Al's group hijacks a tank from a nearby army convoy and attacks Don Chorea's mustang breeding ranch. Don Chorea escapes on the back of a horse, but winds up backed up against a cliff, which ultimately crumbles under his feet as he tries to bribe Al into turning on Don Sarcoma, resulting in Don Chorea falling to his death.

Ironically, whilst trying to escape Al, Don Tinea winds up in Vegas, where Al's group has just arrived. Al wastes no time in tracking the Don down and strangling him as he visits a masseur. The last Don left, Don Grosso, hires his own assassin to take out Al in exchange for a million dollars.

Arriving in San Francisco, Al plans to assassinate Don Grosso at his favorite Italian Restaurant, getting Tony to dress up as a woman and go into the restaurant with a gun concealed in a baby carriage whilst Al and Sal wait outside dressed as police officers. The "official" plan is that Tony will carry out this final hit, with Al pointing out that becoming a Made Man in the Mafia requires at least one kill in order to coax Tony into agreeing. In reality, Al is hoping that Don Grosso's guards will kill Tony, especially as he's loaded Tony's gun with blanks. Amazingly, Tony manages to not only escape alive, but actually causes Don Grosso to fatally choke on a fish in the process.

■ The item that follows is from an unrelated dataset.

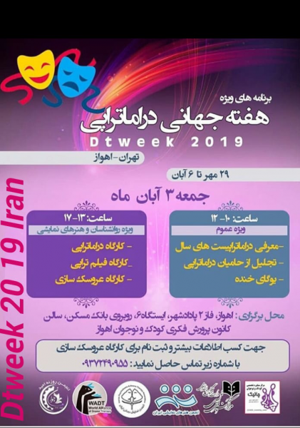 It was announced by the Secretary General of the Iranian Drama Therapy Association. Schedules for Iran's "Drama Therapy" week were announced. The "Abu Ali Sina" badge is awarded to the top two "Drama therapists". Eight doctoral and master's degree therapists from provinces "Tehran", "Khuzestan", "Markazi", "Kermanshah", "East Azarbaijan", "Mazandaran" and "Gilan" are introduced. Celebrating two specialized Drama Therapy Centers in Tehran. Opening of the Drama Therapy Association in Ahvaz Khuzestan province. Appreciation of two professional sponsors of Drama Therapy is a specialized publisher, setting up a Drama Therapy Workshop, a Doll Making Workshop, a Funny Yoga Workshop and a Film Therapy Workshop are other programs of Drama Therapy Week in Iran. Drama Week takes place October 21-27 in Iran and in twenty-five countries.

Escaping in the confusion, the three assassins head back to collect Al's son from the local associate they left him with, only to find he's been kidnapped by Don Grosso's assassin, Mutt McClusky. Whilst McClusky does not find Little Al to be an easy hostage, nearly getting shot when the toddler grabs his gun, Al doesn't dare come after him until McClusky contacts him and arranges for a showdown on Alcatraz.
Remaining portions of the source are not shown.